Assignment
Write out, exactly and in full, the line where "الأمير سعود بن" appears together with all lines that follow it in the entries below. Do not include pictures.

(Stored data entries)
********

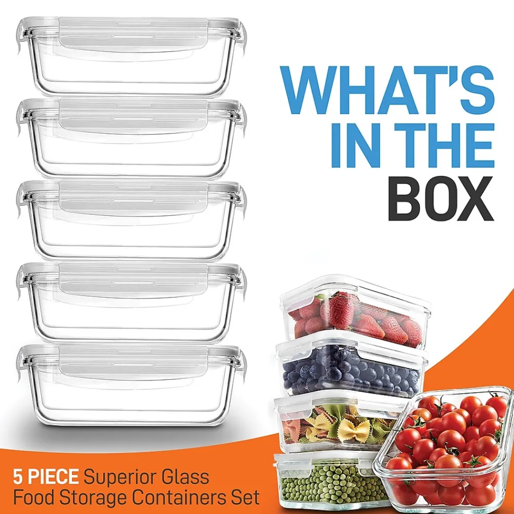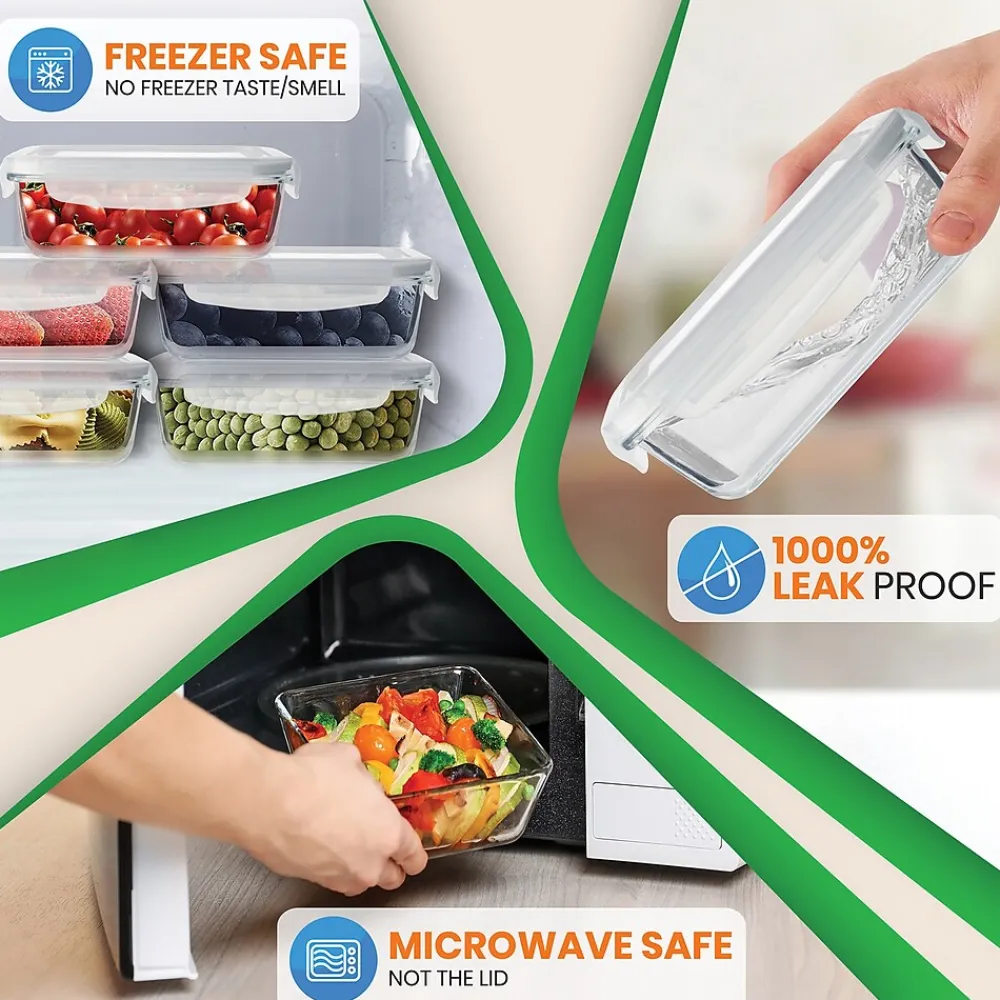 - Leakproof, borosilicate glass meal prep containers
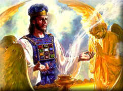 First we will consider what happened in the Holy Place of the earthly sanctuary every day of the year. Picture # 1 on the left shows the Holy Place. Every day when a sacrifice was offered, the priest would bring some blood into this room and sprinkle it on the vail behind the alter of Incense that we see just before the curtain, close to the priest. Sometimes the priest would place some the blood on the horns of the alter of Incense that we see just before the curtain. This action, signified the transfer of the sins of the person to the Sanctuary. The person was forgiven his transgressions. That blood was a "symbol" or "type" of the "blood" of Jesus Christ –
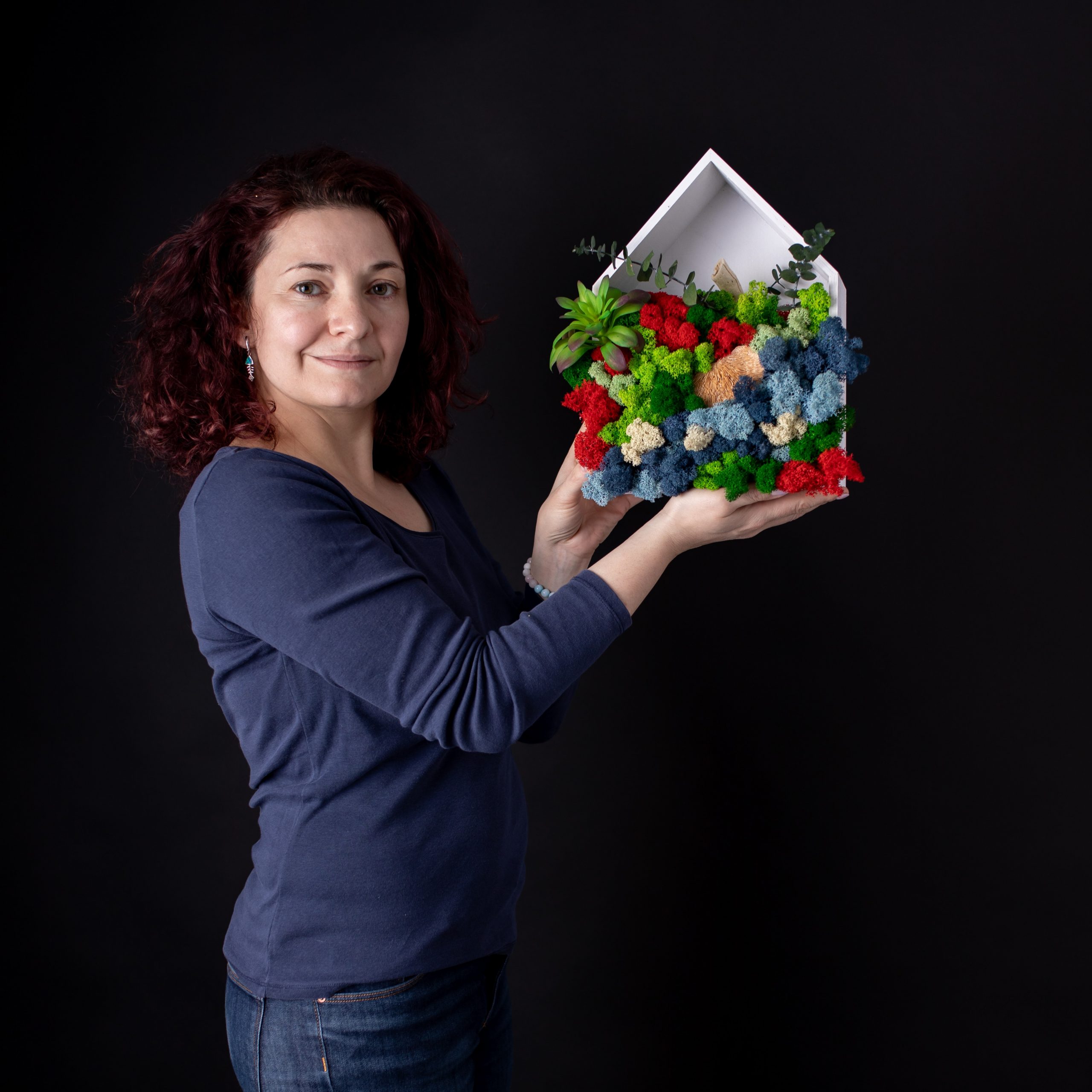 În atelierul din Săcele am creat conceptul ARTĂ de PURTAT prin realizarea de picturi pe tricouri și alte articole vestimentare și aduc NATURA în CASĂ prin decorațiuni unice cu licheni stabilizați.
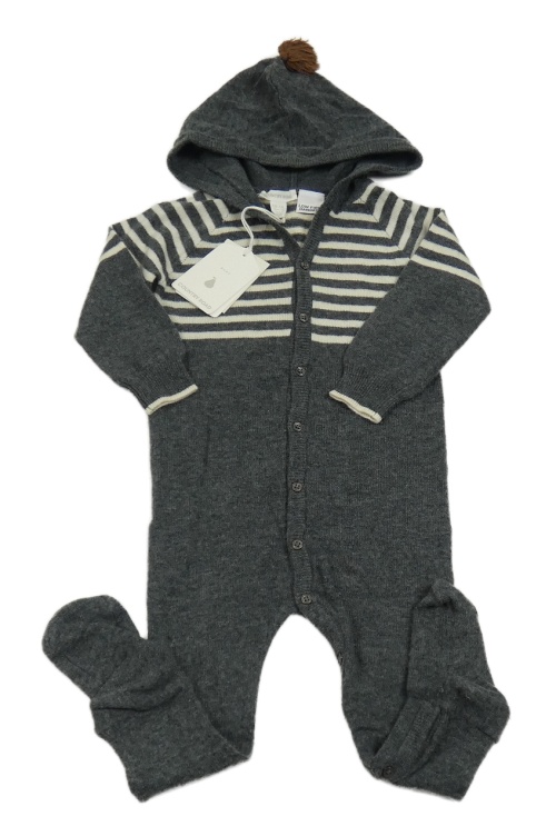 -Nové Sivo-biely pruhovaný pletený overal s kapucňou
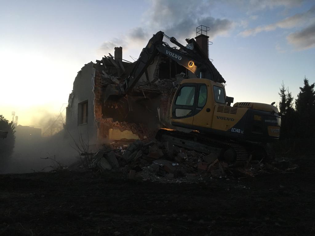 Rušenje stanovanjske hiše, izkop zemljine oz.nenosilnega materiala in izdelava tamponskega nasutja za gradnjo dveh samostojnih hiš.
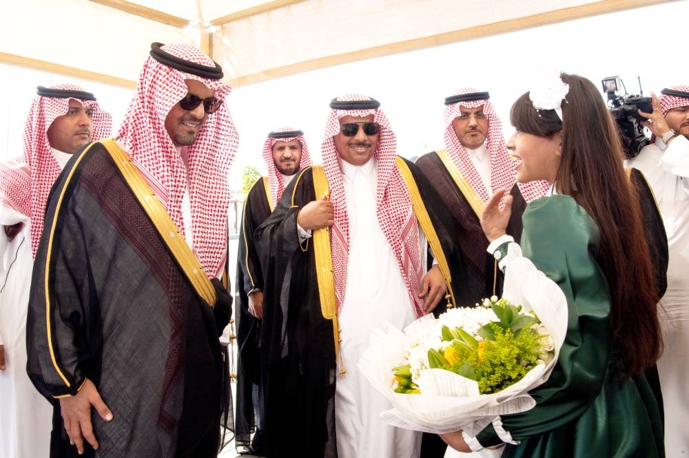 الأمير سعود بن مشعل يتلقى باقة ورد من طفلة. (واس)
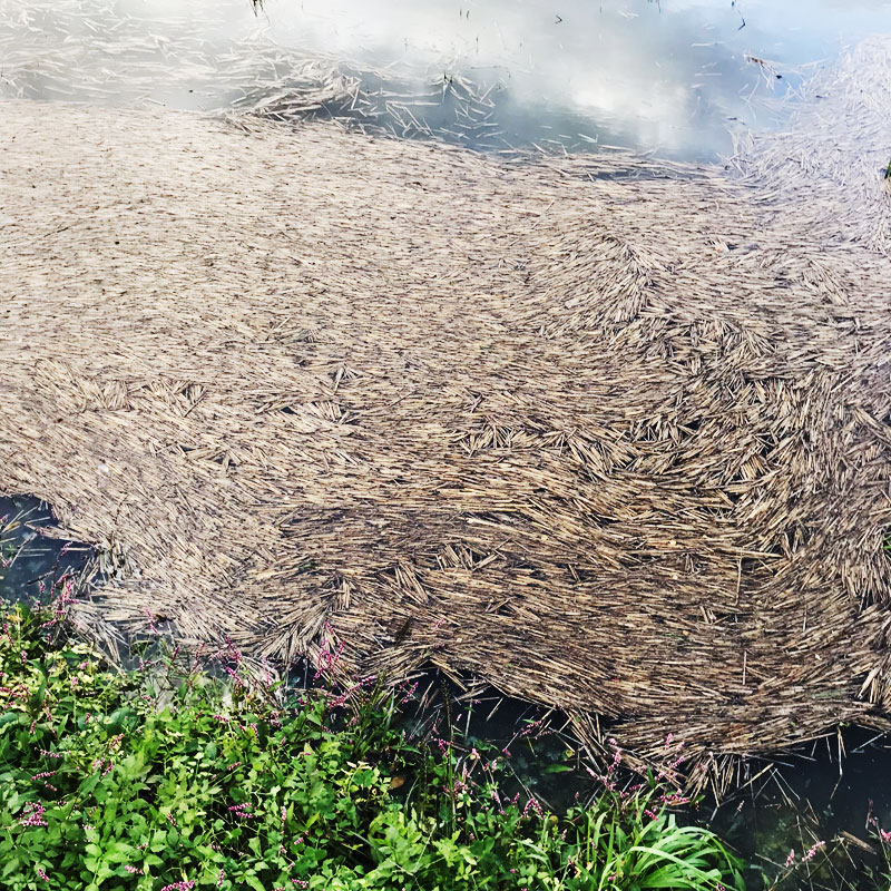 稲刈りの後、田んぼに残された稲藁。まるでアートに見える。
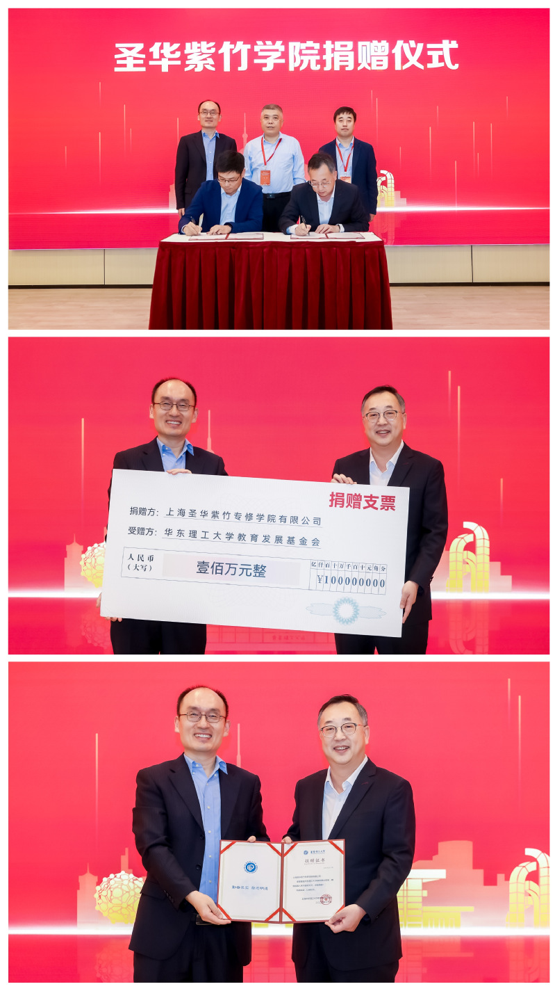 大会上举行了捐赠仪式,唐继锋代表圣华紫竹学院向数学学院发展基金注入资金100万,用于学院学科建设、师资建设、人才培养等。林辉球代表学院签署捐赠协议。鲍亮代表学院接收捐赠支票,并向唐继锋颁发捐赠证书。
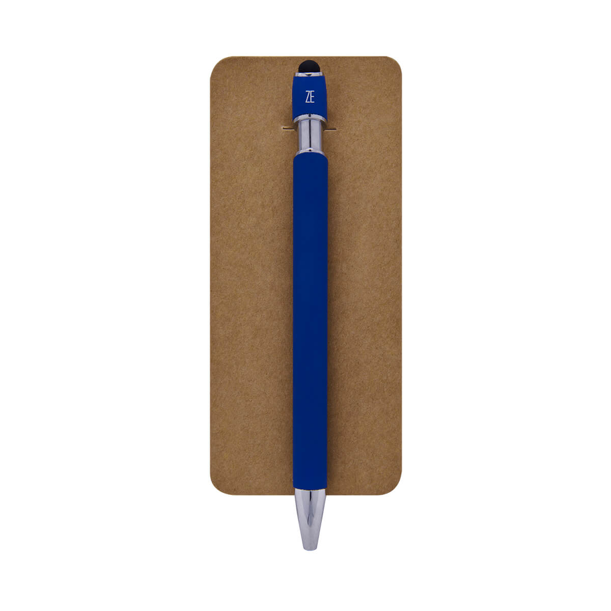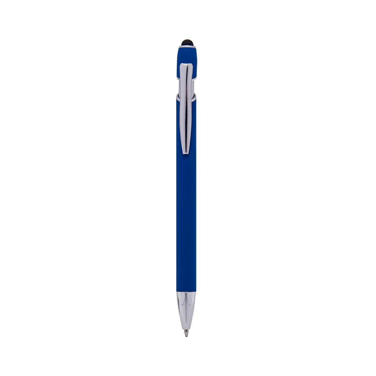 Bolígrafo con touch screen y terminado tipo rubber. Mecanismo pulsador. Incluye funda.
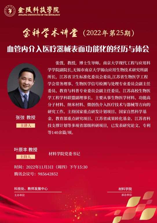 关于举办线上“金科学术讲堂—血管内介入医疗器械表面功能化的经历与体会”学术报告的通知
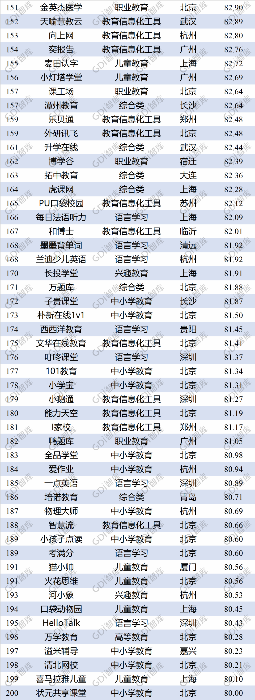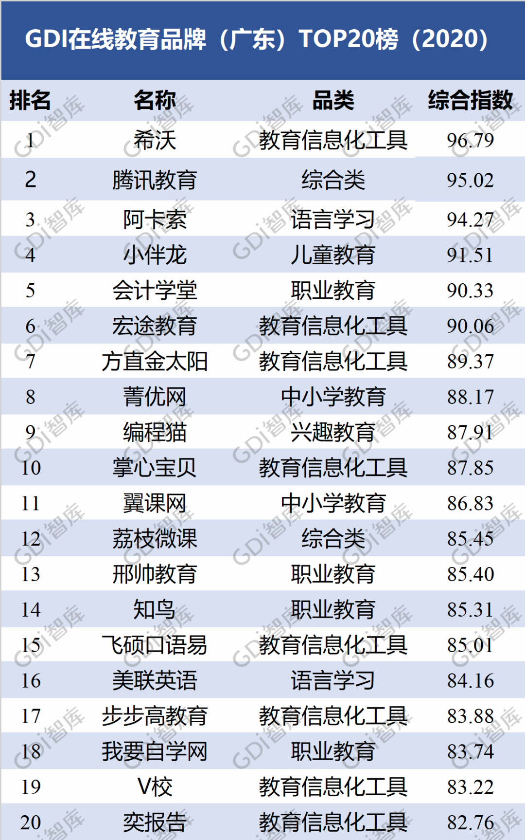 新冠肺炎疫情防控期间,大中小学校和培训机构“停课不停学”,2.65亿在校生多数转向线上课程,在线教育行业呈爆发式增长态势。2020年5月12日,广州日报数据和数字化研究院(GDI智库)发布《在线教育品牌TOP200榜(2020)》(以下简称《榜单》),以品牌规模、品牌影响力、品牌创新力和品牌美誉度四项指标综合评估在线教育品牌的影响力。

********

Task output
 الأمير سعود بن مشعل يتلقى باقة ورد من طفلة. (واس)
 稲刈りの後、田んぼに残された稲藁。まるでアートに見える。
 大会上举行了捐赠仪式,唐继锋代表圣华紫竹学院向数学学院发展基金注入资金100万,用于学院学科建设、师资建设、人才培养等。林辉球代表学院签署捐赠协议。鲍亮代表学院接收捐赠支票,并向唐继锋颁发捐赠证书。
 Bolígrafo con touch screen y terminado tipo rubber. Mecanismo pulsador. Incluye funda.
 关于举办线上“金科学术讲堂—血管内介入医疗器械表面功能化的经历与体会”学术报告的通知
 新冠肺炎疫情防控期间,大中小学校和培训机构“停课不停学”,2.65亿在校生多数转向线上课程,在线教育行业呈爆发式增长态势。2020年5月12日,广州日报数据和数字化研究院(GDI智库)发布《在线教育品牌TOP200榜(2020)》(以下简称《榜单》),以品牌规模、品牌影响力、品牌创新力和品牌美誉度四项指标综合评估在线教育品牌的影响力。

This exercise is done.